= Given information =
"""

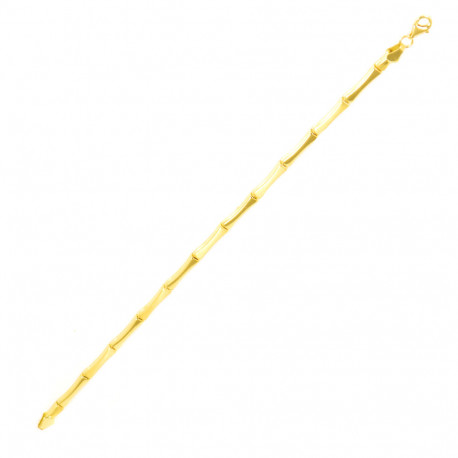 Pulsera fabricada en oro de 18 kilates , esta pulsera combina el oro con acabado amarillo brillante y acabado mate en un bonito diseño, hace un ancho de 3.5 milímetros por 19.5 de largo y su peso es de 5.6 gramos. Cierre de mosquetón.
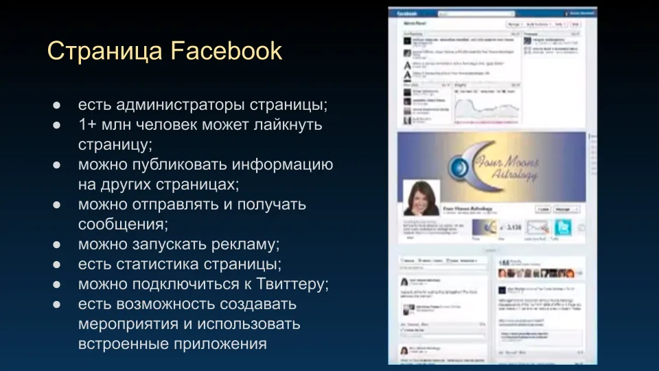 С помощью личной страницы вы можете размещать информацию от вашего имени где угодно – в личном профиле, в профиле своих друзей; на любой странице, которая вам понравилась; в любой группе, участником которой вы являетесь. Также вы можете создавать собственные группы и страницы, через которые можно отправлять и получать личные сообщения. Также вы можете связать свой профиль с Twitter, чтобы туда репостились ваши публикации. И вообще, есть целый ряд приложений, которые можно подключить к Facebook для расширения базового функционала.
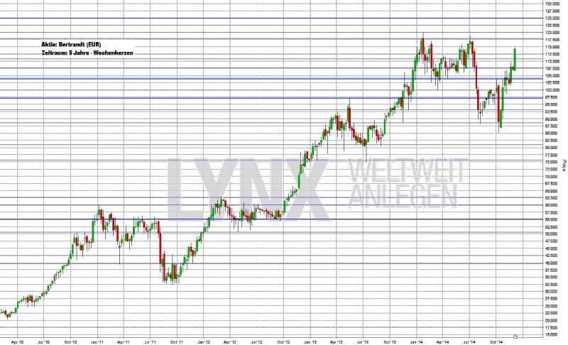 Die Bertrandt AG bilanziert gemäß IFRS jeweils zum 30.09. eines Jahres. Der Konzern hat in den vergangenen Jahren stets beim Umsatz zugelegt. Von den 384,6 Mio. Euro Gesamtumsatz des Jahres 2009 aus ging es stetig aufwärts. 2013 konnte man einen Gesamtumsatz von 782,4 Mio. Euro ausweisen. Der Erfolg zeigt sich quer durch alle Bestandteile der Bilanz. Das Ergebnis der gewerblichen Geschäftstätigkeit belief sich 2013 auf 81,5 Mio. Euro, das Zinsergebnis lag bei 568.000 Euro und der Jahresüberschuss bei 57,2 Mio. Euro. Je Aktie netto ergab sich für 2013 ein Gewinn von 5,68 Euro. Die Dividenden sind in den letzten Jahren ebenfalls gestiegen. Wurden 2009 noch 1,00 Euro an die Aktionäre ausgeschüttet, so sind es für 2013 bereits beachtliche 2,20 Euro. Damit hat sich die Dividende mehr als verdoppelt. Auch die Anzahl der Mitarbeiter stieg in den letzten Jahren erheblich. 2009 wiesen die Bücher erst 5.723 Mitarbeiter aus, für 2013 sind es bereits 10.398. Demnach hat sich auch die Mitarbeiterzahl fast verdoppelt. Gemäß der Bilanz verfügte das Unternehmen 2013 über 47,3 Mio. Euro an liquiden Mitteln, 217,5 Mio. Euro an wirtschaftlichem Eigenkapital, 10,1 Mio. Euro an gezeichnetem Kapital, 78,5 Mio. Euro an Verbindlichkeiten, 221.000 Euro an Verbindlichkeiten gegenüber Kreditinstituten und brachte es demnach auf eine Bilanzsumme von 408,1 Mio. Euro. Die Bilanzprognosen für 2014 und 2015 weisen eine Umsatzerwartung von 860,60 beziehungsweise 938,10 Millionen Euro aus. Das EBIT steigt 2014 demnach auf 88,15 Mio. Euro, für 2015 sollen es bereits 97,45 Mio. Euro sein. Der Gewinn je Aktie soll 2014 auf 6,02 Euro und 2015 auf 6,61 Euro anwachsen. Dies wird sich den Prognosen zufolge auch auf die Dividenden auswirken. Für 2014 könnten 2,40 Euro und für 2015 2,60 Euro ausgezahlt werden. Der Nettogeldbestand könnte sich in den kommenden beiden Geschäftsjahren weiter leicht reduzieren. Für 2014 soll er bei 33,20 Mio. Euro liegen und 2015 auf 30,05 Mio. Euro gesunken sein. Vergleicht man die Performance der Aktie mit der Entwicklung des DAX, so wird man der Bertrandt-Aktie den Status „Outperformer“ zuweisen. Auf Sicht der letzten fünf Jahre hat das Wertpapier um beinahe 480 Prozent zugelegt mit einem Tief von 19,80 Euro und einem Hoch von 119,85 Euro. Die Aktionäre sind also erfolgsverwöhnt. Wahrlich keine einfache Aufgabe, diese Performance fortzusetzen. Am Donnerstag, den 11.12.2014 wird die Bertrandt AG ihren Geschäftsbericht 2013/2014 vorlegen, parallel dazu finden die Bilanzpressekonferenz und die Analystenkonferenz statt.

"""

= Exercise brief =
Leave the pictures out, and print every line of the listing exactly as written.

= Reply =
 Pulsera fabricada en oro de 18 kilates , esta pulsera combina el oro con acabado amarillo brillante y acabado mate en un bonito diseño, hace un ancho de 3.5 milímetros por 19.5 de largo y su peso es de 5.6 gramos. Cierre de mosquetón.
 С помощью личной страницы вы можете размещать информацию от вашего имени где угодно – в личном профиле, в профиле своих друзей; на любой странице, которая вам понравилась; в любой группе, участником которой вы являетесь. Также вы можете создавать собственные группы и страницы, через которые можно отправлять и получать личные сообщения. Также вы можете связать свой профиль с Twitter, чтобы туда репостились ваши публикации. И вообще, есть целый ряд приложений, которые можно подключить к Facebook для расширения базового функционала.
 Die Bertrandt AG bilanziert gemäß IFRS jeweils zum 30.09. eines Jahres. Der Konzern hat in den vergangenen Jahren stets beim Umsatz zugelegt. Von den 384,6 Mio. Euro Gesamtumsatz des Jahres 2009 aus ging es stetig aufwärts. 2013 konnte man einen Gesamtumsatz von 782,4 Mio. Euro ausweisen. Der Erfolg zeigt sich quer durch alle Bestandteile der Bilanz. Das Ergebnis der gewerblichen Geschäftstätigkeit belief sich 2013 auf 81,5 Mio. Euro, das Zinsergebnis lag bei 568.000 Euro und der Jahresüberschuss bei 57,2 Mio. Euro. Je Aktie netto ergab sich für 2013 ein Gewinn von 5,68 Euro. Die Dividenden sind in den letzten Jahren ebenfalls gestiegen. Wurden 2009 noch 1,00 Euro an die Aktionäre ausgeschüttet, so sind es für 2013 bereits beachtliche 2,20 Euro. Damit hat sich die Dividende mehr als verdoppelt. Auch die Anzahl der Mitarbeiter stieg in den letzten Jahren erheblich. 2009 wiesen die Bücher erst 5.723 Mitarbeiter aus, für 2013 sind es bereits 10.398. Demnach hat sich auch die Mitarbeiterzahl fast verdoppelt. Gemäß der Bilanz verfügte das Unternehmen 2013 über 47,3 Mio. Euro an liquiden Mitteln, 217,5 Mio. Euro an wirtschaftlichem Eigenkapital, 10,1 Mio. Euro an gezeichnetem Kapital, 78,5 Mio. Euro an Verbindlichkeiten, 221.000 Euro an Verbindlichkeiten gegenüber Kreditinstituten und brachte es demnach auf eine Bilanzsumme von 408,1 Mio. Euro. Die Bilanzprognosen für 2014 und 2015 weisen eine Umsatzerwartung von 860,60 beziehungsweise 938,10 Millionen Euro aus. Das EBIT steigt 2014 demnach auf 88,15 Mio. Euro, für 2015 sollen es bereits 97,45 Mio. Euro sein. Der Gewinn je Aktie soll 2014 auf 6,02 Euro und 2015 auf 6,61 Euro anwachsen. Dies wird sich den Prognosen zufolge auch auf die Dividenden auswirken. Für 2014 könnten 2,40 Euro und für 2015 2,60 Euro ausgezahlt werden. Der Nettogeldbestand könnte sich in den kommenden beiden Geschäftsjahren weiter leicht reduzieren. Für 2014 soll er bei 33,20 Mio. Euro liegen und 2015 auf 30,05 Mio. Euro gesunken sein. Vergleicht man die Performance der Aktie mit der Entwicklung des DAX, so wird man der Bertrandt-Aktie den Status „Outperformer“ zuweisen. Auf Sicht der letzten fünf Jahre hat das Wertpapier um beinahe 480 Prozent zugelegt mit einem Tief von 19,80 Euro und einem Hoch von 119,85 Euro. Die Aktionäre sind also erfolgsverwöhnt. Wahrlich keine einfache Aufgabe, diese Performance fortzusetzen. Am Donnerstag, den 11.12.2014 wird die Bertrandt AG ihren Geschäftsbericht 2013/2014 vorlegen, parallel dazu finden die Bilanzpressekonferenz und die Analystenkonferenz statt.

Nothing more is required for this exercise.